Using the 53 participating studies, an initial evaluation was undertaken in order to determine if the selected Generic DataSchema domains correspond to risk factors and outcomes most frequently collected in current practice. This was done using the keyword tree of the P3G questionnaire catalogue, which provides a comprehensive overview of the areas of information collected by large epidemiologic studies.23 Each DataSchema domain was attributed a corresponding keyword of the keyword tree [e.g. ‘DataSchema domain’, Individual history of Cancer; ‘Keyword’, Individual History of Neoplasm—International Classification of Diseases (ICD)]. The proportion of the 53 participating studies collecting information on each keyword (i.e. coverage) was determined. This then allowed examination of the extent to which areas of information that were selected to be part of the Generic DataSchema (i.e. keywords corresponding to DataSchema domains), or not selected (i.e. keywords not included in the DataSchema), were used in current practice. The result of this analysis will help to optimize the Generic DataSchema by adding or deleting specific domains of interest based on their coverage among the world’s leading population-based studies.
As the primary harmonization exercise, the potential for each study to generate each variable included in the Generic DataSchema was evaluated. Once specific definitions have been attributed to each variable, the harmonization approach entails using a three-level scale to document the compatibility between the information generated by the assessment items of each participating study (e.g. specific questions) and each variable defined in the DataSchema. This process is referred to as ‘pairing’ (Box 1).7 In order to classify the assessment items and to ensure the validity and reproducibility of the pairing results, sets of comprehensive ‘pairing rules’ specific to each variable are defined.7 Development of pairing rules is context specific and involves a systematic process of iteration between scientific experts and trained research officers. Using these pairing rules, trained research officers determine whether or not a variable can be recreated using the assessment items collected by each participating study. In order to ensure quality control, an evaluator verified a random sample of ~10% of all pairing results. Whenever a pairing error was detected, a consensus panel determined the final pairing result.

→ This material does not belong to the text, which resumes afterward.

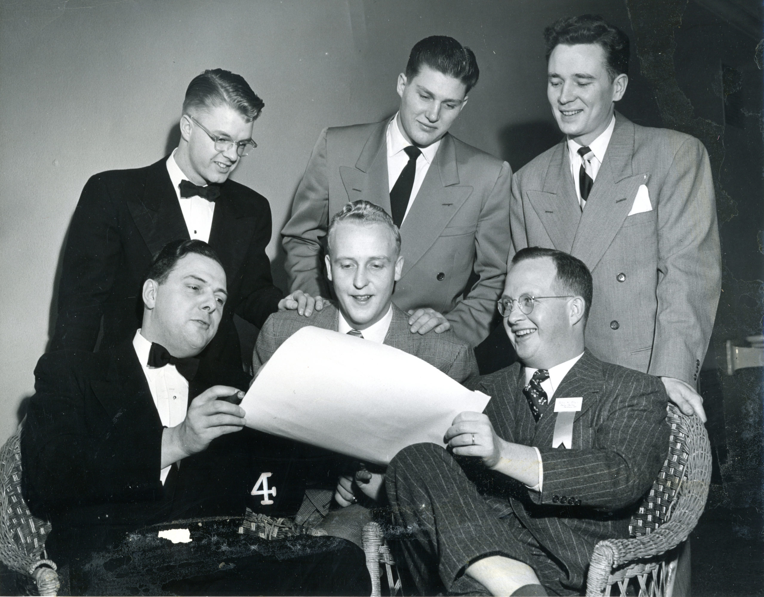 Key men in the effort to pay off the Delta Phi Chapter mortgage huddle at the Installation Banquet on February 4, 1950: Clifford M. Langhorne (Upsilon Upsilon, Washington 1924), Past Grand Praetor Henry O. Foss, Harold T. Foss (Delta Phi, Puget Sound 1924), charter member of Sigma Mu Chi local; Archie F. Blair (Beta Delta, Montana 1925); and Consul Frank H. Taylor Jr. (Delta Phi, Puget Sound 1950). (Sigma Chi Fraternity Archives)

|Complete||According to the pairing rules, the meaning, format and standard operating procedures used for collection of the assessment items allow construction of the variable as defined.|
|Partial||According to the pairing rules, the meaning, format and standard operating procedures used for collection of the assessment items allow the construction of the variable as defined, but with an unavoidable loss of information. This class includes two subcategories:|
|‘Proximate’—when the only reason for the classification as partial is because categories are used to collect information for a DataSchema variable that is defined as continuous.|
|‘Tentative’—whenever a variable is classified as partial for any other reason.|
|Impossible||When no relevant information is collected (impossible not covered) or, based on the pairing rules, insufficient information exists to construct the variable as defined (impossible covered).|
aIn certain instances, a DataSchema variable is not pertinent in the context of a particular study (e.g. the ‘Occurrence prostate cancer’ variable in the context of a study recruiting only women). In such cases, the variable is classified as ‘Not applicable’ for that study.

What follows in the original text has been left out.